Shawn K, a software engineer with two decades of experience who lost his $150,000-a-year job to AI displacement, described it to Fortune after sending 800 applications: “Companies are using AI to save money by cutting talent — rather than leveraging its power and embracing cyborg workers.” The workers most at risk are those whose value can be described entirely by their outputs — without reference to the judgment, context, or accountability required to produce them.
Roger Lee, founder of Layoffs.fyi, told AOL News: “I do think 6 years of persistent layoffs have led many tech workers to re-evaluate the perceived ‘safety’ of tech jobs and their relationship with the industry overall.” According to that same report, there have been more than 35,000 layoffs in the tech sector worldwide so far in 2026, with close to half attributable to Amazon alone.

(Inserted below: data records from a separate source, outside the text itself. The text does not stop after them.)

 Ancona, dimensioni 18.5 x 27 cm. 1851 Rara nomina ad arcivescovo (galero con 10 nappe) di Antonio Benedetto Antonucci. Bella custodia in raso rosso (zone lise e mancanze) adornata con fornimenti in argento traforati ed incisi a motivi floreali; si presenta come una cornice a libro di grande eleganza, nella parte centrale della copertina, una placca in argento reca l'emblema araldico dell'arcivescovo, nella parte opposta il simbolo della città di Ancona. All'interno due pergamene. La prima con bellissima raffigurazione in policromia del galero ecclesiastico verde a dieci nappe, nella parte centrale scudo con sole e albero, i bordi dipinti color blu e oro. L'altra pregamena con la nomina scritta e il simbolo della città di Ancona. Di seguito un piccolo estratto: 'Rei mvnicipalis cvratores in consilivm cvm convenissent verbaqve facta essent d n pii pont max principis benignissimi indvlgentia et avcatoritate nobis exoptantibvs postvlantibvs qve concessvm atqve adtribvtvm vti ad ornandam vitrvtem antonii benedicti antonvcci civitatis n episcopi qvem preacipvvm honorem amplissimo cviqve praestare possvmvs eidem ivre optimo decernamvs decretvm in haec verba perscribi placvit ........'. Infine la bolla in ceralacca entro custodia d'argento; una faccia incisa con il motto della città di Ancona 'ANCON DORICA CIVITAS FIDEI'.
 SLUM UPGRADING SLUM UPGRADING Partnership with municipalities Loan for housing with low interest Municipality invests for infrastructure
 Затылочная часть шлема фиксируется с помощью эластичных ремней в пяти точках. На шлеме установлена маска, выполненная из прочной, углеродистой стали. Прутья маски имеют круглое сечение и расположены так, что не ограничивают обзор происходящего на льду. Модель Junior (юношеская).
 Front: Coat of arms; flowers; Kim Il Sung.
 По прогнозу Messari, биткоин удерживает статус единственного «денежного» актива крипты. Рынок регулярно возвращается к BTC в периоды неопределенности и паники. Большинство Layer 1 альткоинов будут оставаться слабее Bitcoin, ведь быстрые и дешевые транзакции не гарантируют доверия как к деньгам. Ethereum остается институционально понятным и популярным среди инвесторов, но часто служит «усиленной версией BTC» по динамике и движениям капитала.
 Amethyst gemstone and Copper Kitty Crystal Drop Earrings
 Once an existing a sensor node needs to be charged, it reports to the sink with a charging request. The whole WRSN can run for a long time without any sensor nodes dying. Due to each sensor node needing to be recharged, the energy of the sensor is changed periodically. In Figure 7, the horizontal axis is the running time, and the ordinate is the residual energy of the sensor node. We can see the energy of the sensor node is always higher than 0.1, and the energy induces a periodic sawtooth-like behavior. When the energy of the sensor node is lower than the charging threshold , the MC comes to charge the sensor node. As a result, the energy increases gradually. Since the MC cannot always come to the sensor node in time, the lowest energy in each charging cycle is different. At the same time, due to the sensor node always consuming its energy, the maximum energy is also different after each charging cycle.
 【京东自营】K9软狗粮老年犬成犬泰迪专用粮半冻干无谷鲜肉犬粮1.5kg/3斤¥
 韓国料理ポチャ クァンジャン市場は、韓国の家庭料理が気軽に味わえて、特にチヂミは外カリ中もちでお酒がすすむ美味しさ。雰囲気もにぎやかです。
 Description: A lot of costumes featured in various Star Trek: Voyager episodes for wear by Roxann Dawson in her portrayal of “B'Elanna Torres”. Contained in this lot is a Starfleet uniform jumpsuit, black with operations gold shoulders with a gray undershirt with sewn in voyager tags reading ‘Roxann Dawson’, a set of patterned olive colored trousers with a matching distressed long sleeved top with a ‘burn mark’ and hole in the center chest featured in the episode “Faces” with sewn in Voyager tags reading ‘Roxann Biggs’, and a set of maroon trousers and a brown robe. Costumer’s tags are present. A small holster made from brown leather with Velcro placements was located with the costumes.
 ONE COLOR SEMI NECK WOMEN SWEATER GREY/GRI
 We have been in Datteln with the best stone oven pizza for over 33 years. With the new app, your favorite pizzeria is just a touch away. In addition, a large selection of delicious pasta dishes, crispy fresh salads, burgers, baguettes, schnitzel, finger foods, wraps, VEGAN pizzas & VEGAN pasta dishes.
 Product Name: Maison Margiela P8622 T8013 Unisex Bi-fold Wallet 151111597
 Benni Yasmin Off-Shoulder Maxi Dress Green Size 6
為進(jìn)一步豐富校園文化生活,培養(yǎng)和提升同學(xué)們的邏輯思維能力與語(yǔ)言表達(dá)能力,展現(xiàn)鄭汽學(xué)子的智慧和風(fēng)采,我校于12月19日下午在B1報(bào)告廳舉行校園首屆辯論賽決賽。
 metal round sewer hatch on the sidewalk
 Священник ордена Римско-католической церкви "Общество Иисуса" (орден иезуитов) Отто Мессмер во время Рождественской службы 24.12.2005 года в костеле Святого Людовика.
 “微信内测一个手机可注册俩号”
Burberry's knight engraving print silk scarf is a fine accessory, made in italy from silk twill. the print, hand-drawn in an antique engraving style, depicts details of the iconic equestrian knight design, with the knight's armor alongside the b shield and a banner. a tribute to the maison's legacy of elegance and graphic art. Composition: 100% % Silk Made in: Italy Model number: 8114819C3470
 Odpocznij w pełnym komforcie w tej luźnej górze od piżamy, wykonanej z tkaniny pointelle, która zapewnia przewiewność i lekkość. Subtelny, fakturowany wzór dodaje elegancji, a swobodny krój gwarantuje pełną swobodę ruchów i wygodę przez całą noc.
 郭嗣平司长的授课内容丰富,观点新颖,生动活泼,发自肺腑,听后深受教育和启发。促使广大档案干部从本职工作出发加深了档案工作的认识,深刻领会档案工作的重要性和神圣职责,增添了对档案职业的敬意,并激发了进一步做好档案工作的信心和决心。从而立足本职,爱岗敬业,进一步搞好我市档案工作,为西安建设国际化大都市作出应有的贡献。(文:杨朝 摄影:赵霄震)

The workers building durability into their careers right now are not those accumulating tools — they are those positioning themselves as the people who decide how the tools are governed, audited, and corrected when they fail. That is the role automation cannot easily absorb. Our analysis on stakeholder fear and AI retraining budgets captures exactly why organizations consistently underinvest in developing this capacity internally — creating a durable gap that informed workers can occupy.
Global Context
What the AI Layoff Pattern Means for Technical Workers Across Every Market
The US Bureau of Labor Statistics reported that employers shed 92,000 jobs in February 2026, with the unemployment rate ticking up to 4.4%, according to Fortune. CNN’s labor market analysis noted the unemployment rate in January sat at 4.3% — half a percentage point higher than late 2023, when the generative AI investment cycle began. These numbers do not confirm economic collapse, but they confirm a directional shift.
For technical workers in Asia, Africa, Latin America, and Eastern Europe — markets where tech outsourcing has historically built middle-class employment — the Forrester offshore rehiring prediction represents a structural compression on both sides: fewer outsourceable tasks available, and lower rates on those that survive. The calculation that made offshore technical work economically attractive is being disrupted from two directions simultaneously.
Nigeria’s growing AI pilot project ecosystem illustrates both the opportunity and the alignment challenge this creates. The roles that survive and grow in this environment are not those executing known processes at scale — they are those designing, auditing, and governing the systems doing the execution. That repositioning is available to any technically literate worker willing to pursue it deliberately rather than reactively.
For anyone tracking where automation investment is flowing and where workforce pressure will intensify next, this piece on AI resentment building inside industrial workplaces captures the human dimension of what these numbers represent at the operational level.
Further Reading & Related Analysis
- The Truth Behind AI Layoffs — Or AI Washing?
- AI Resentment Is Rising Inside Industrial Workplaces
- How Stakeholder Fear Kills AI Retraining Budgets Mid-Cycle
- Industrial AI Pilot Projects in Nigeria: What’s Actually Working
- The AI Productivity Paradox: Why Automation Promises More Than It Delivers
Frequently Asked Questions
Why are machine learning engineers being laid off if AI still needs human oversight?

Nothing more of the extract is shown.